R: Comparing list with grouped values in dataframe; questions about data types

I'm trying to make booleans for the dataframe testdf where when grouped by id, the boolean indicates whether everything in the vector values exists in that id's values.
I believe that ultimately this is a question about the different vector/list data types in R, which I still don't understand.
The vector values comes from the second column in lookup. R says it's a vector but not a list (should I do as.list(lookup$values) instead)?

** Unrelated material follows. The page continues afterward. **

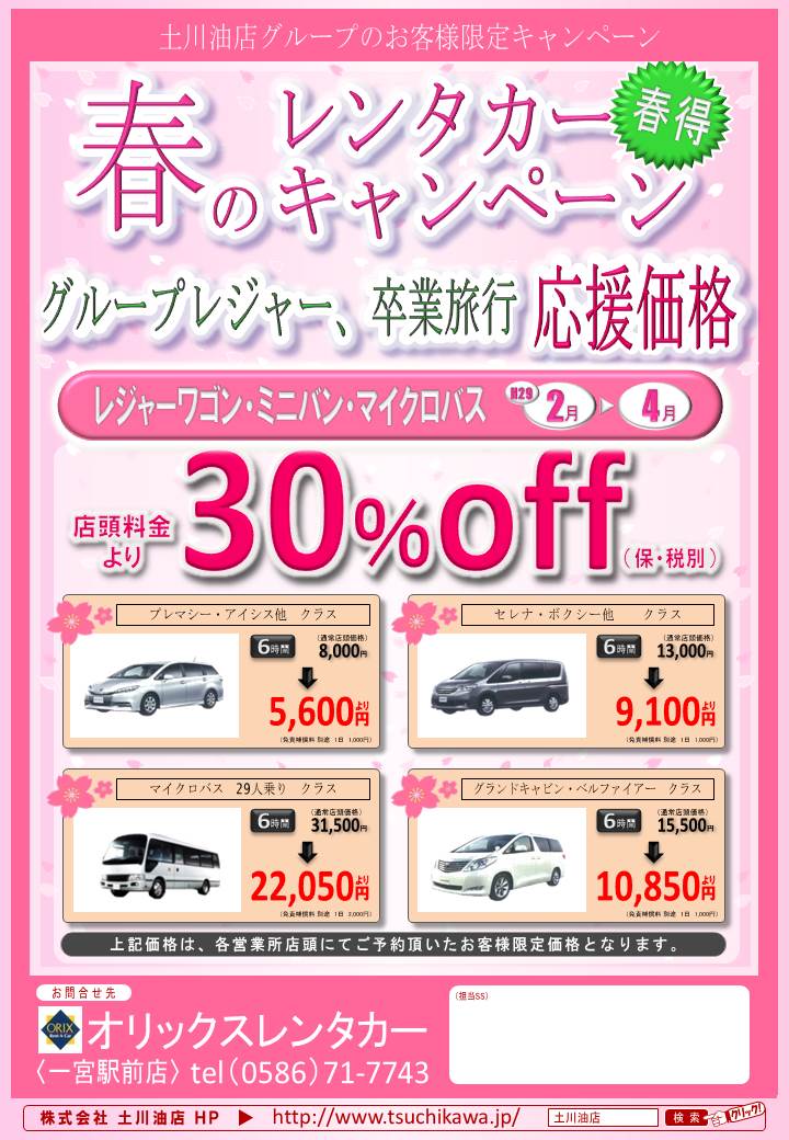 [オリックスレンタカー一宮営業所]「春のレンタカーキャンペーン」のご案内(~4/30)

testdf <- data.frame(id = c('a','a','a','b','b'),
value = c(1,2,3,1,2))
lookup <- data.frame(col1 = c('x','y','z'),
values = c(1,2,3))
values <- lookup$values
These produce:
> testdf
id value
1 a 1
2 a 2
3 a 3
4 b 1
5 b 2
> lookup
col1 values
1 x 1
2 y 2
3 z 3
> values
[1] 1 2 3
And my intended result would look like this. values_bool is TRUE for an id where all elements in values exist in value_list. Note that I formatted the lists in a generic way.
testdf
id value_list values_bool
1 a [1,2,3] TRUE
2 b [1,2] FALSE
This page includes some more information on the creation and use of list columns in R, although it doesn't explain the difference in data types generated within each list.

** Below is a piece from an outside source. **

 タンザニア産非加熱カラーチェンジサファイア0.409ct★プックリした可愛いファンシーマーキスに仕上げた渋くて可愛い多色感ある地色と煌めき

For example, a cell in the list column created by nest() looks like this:
asia <tibble [59 × 1]>
and a cell in the list column created by summarize() and list() looks like this:
asia <chr [59]>
I tried to create list columns using two methods from that page in my code:
version1 <- testdf %>%
# Make column listing values for each id
group_by(id) %>%
summarize(value_list = list(value)) %>%
ungroup()
version2 <- testdf %>%
# Nest values into list
nest(value_list = value)
If you run this you can see they produce different list types.
> version1
# A tibble: 2 × 2
id value_list
<chr> <list>
1 a <dbl [3]>
2 b <dbl [2]>
> version2
# A tibble: 2 × 2
id value_list
<chr> <list>
1 a <tibble [3 × 1]>
2 b <tibble [2 × 1]>
And when I try to add this line at the end of each, the output gives all False even though one should be True.

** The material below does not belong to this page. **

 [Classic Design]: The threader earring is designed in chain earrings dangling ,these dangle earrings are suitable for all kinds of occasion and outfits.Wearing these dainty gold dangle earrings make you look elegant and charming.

# Mark whether all values exist in value_list for each id
mutate(values_bool = values %in% value_list)
So what's going on with the dataframe list data types when grouping value from testdf and selecting values from lookup?
Thanks so much for your help.

#akrun answered this in the comments, but I love this question, which is really a deep inquiry into R data structures and functional programming, so I'm going to answer it in a longer form here and arrive at the same answer.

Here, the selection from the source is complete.